[Records from a data source]
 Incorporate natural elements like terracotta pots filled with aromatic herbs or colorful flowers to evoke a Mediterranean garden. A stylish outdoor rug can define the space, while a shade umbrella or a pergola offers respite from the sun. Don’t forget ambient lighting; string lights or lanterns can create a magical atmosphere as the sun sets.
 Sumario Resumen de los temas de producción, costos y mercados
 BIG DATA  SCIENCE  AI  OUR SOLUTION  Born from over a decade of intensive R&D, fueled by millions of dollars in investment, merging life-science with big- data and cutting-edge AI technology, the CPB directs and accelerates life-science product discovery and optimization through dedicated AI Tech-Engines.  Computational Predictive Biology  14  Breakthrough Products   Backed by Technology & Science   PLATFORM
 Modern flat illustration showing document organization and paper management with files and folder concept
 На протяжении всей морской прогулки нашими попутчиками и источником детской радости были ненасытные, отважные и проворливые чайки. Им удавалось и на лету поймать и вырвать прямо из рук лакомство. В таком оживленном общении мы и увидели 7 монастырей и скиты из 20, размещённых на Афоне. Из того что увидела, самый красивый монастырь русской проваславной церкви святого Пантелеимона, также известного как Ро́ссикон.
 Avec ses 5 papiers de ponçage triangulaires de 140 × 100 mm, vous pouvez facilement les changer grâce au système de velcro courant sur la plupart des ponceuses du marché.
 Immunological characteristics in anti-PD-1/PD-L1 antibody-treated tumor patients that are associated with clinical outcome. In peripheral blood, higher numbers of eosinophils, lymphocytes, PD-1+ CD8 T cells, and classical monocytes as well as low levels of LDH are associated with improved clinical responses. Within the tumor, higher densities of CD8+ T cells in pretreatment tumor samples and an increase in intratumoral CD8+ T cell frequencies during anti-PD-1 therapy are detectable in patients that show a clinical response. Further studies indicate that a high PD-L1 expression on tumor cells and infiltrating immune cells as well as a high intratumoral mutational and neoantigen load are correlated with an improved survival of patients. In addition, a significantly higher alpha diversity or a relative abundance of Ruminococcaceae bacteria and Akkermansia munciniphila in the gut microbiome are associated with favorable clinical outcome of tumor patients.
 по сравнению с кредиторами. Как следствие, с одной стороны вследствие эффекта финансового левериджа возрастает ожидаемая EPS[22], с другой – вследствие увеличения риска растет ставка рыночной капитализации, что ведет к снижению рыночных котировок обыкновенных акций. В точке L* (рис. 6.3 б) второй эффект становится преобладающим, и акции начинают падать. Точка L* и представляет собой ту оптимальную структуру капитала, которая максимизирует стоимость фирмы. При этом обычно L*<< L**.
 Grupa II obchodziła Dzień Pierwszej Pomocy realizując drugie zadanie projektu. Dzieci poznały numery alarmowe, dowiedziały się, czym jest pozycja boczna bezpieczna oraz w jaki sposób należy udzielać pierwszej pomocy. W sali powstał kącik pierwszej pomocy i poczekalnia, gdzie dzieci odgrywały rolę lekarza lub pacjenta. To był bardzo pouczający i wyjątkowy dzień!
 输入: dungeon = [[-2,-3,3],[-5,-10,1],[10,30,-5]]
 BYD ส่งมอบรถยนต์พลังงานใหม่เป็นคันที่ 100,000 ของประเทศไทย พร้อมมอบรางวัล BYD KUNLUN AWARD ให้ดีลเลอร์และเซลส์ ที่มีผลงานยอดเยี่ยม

[ACTIVITY]
Look above for the line with "Avec ses 5 papiers" and the line with "по сравнению с", and reproduce exactly those two lines plus every line between, nothing more.

[SOLUTION]
 Avec ses 5 papiers de ponçage triangulaires de 140 × 100 mm, vous pouvez facilement les changer grâce au système de velcro courant sur la plupart des ponceuses du marché.
 Immunological characteristics in anti-PD-1/PD-L1 antibody-treated tumor patients that are associated with clinical outcome. In peripheral blood, higher numbers of eosinophils, lymphocytes, PD-1+ CD8 T cells, and classical monocytes as well as low levels of LDH are associated with improved clinical responses. Within the tumor, higher densities of CD8+ T cells in pretreatment tumor samples and an increase in intratumoral CD8+ T cell frequencies during anti-PD-1 therapy are detectable in patients that show a clinical response. Further studies indicate that a high PD-L1 expression on tumor cells and infiltrating immune cells as well as a high intratumoral mutational and neoantigen load are correlated with an improved survival of patients. In addition, a significantly higher alpha diversity or a relative abundance of Ruminococcaceae bacteria and Akkermansia munciniphila in the gut microbiome are associated with favorable clinical outcome of tumor patients.
 по сравнению с кредиторами. Как следствие, с одной стороны вследствие эффекта финансового левериджа возрастает ожидаемая EPS[22], с другой – вследствие увеличения риска растет ставка рыночной капитализации, что ведет к снижению рыночных котировок обыкновенных акций. В точке L* (рис. 6.3 б) второй эффект становится преобладающим, и акции начинают падать. Точка L* и представляет собой ту оптимальную структуру капитала, которая максимизирует стоимость фирмы. При этом обычно L*<< L**.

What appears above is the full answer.